Recently, several researchers have argued for the use of Bayesian statistics in psychological science (for recent discussions of Bayesian methods, see Gallistel, 2009; Kruschke, 2010; Masson, 2011; Rouder et al., 2009; Wagenmakers, 2007; Wetzels et al., 2011). These arguments are relevant to the present discussion because Bayesian methods are often touted as robust to stopping rules (Bernardo & Smith, 1994; Edwards, Lindman, & Savage, 1963; Kadane, Schervish, & Seidenfeld, 1996). For example, Edwards et al. stated, “It is entirely appropriate to collect data until a point has been proven or disproven, or until the data collector runs out of time, money, or patience” (p. 193). Such statements clearly imply that BFs can be used post hoc to reevaluate previously published results collected under the NHST framework, without concern for how the data were collected. Such an approach has been undertaken in a series of recent papers. For example, Wagenmakers, Wetzels, Borsboom, and van der Maas (2011; see also Rouder & Morey, 2011) used BFs to reanalyze results published by Bem (2011) to argue against the existence of psi. Likewise, Wetzels et al. reanalyzed all t tests that appeared in 2007 issues of Psychonomic Bulletin & Review and the Journal of Experimental Psychology: Learning, Memory and Cognition and showed that 70 % of results reported as significant with .01 < p < .05 provided only anecdotal support against the null. Newell and Rakow (2011) analyzed 16 experiments to evaluate the support for the provocative idea that unconscious thought can yield better decision outcomes than deliberation (see Dijksterhuis, Bos, Nordgren, & Van Baaren, 2006) and concluded that the data favored the null hypothesis, with a BF = 9:1. Other examples of the use of Bayesian analysis include Gallistal and Rouder et al., in which several empirical findings were reanalyzed to examine the possibility that the data, previously reported as either significant or nonsignificant using NHST methods, support the null hypothesis.

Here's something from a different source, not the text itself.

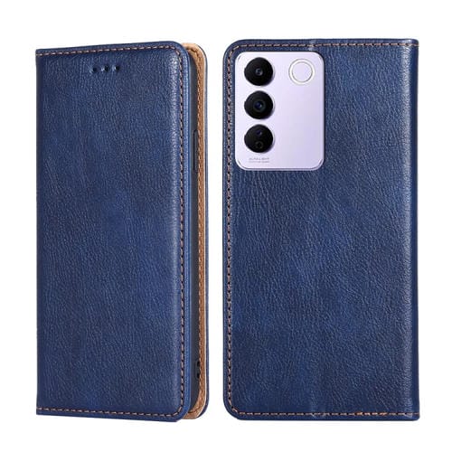 Para Vivo S16E Estuche de Teléfono de Cuero Magnético de Color Sólido con Aceite Brillante (Azul)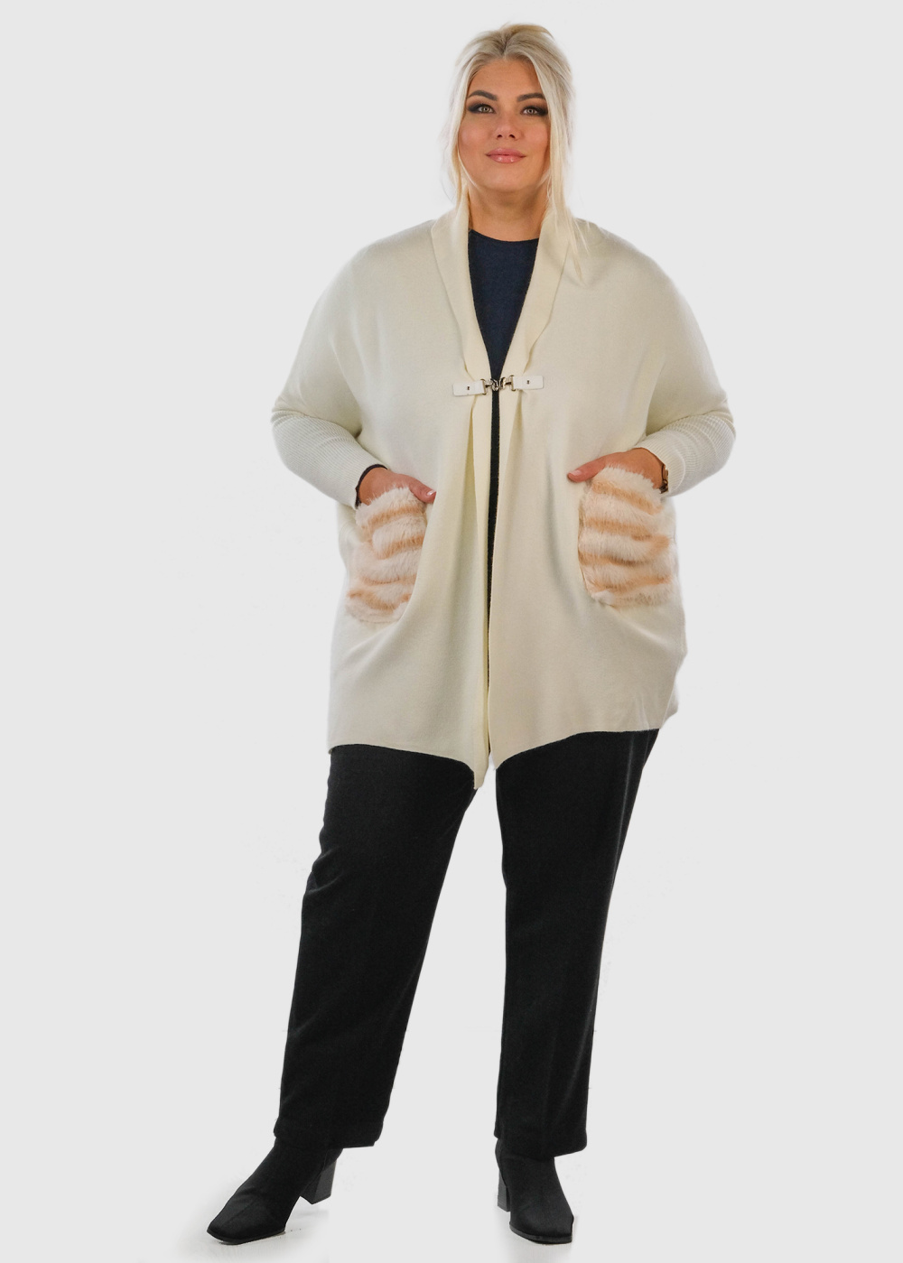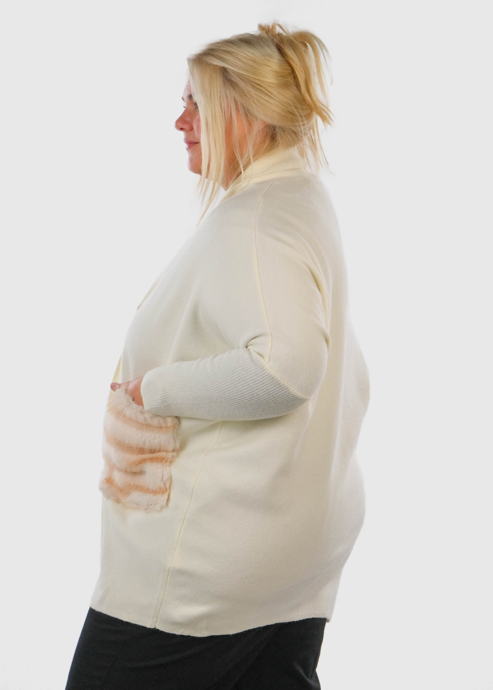 Liseli Lielo izmēru balts kardigans ar kabatām

As remarkable as these reanalyses are, the conclusions, which are based on the post hoc application of BF to data collected within a NHST framework, assume that the BF is unaffected by data collection heuristics. This assumption is challenged by Rosenbaum and Rubin’s (1984) demonstration that other forms of Bayesian analyses are affected by data-dependent stopping rules. Is the BF robust to the types of behavior that our participants engaged in?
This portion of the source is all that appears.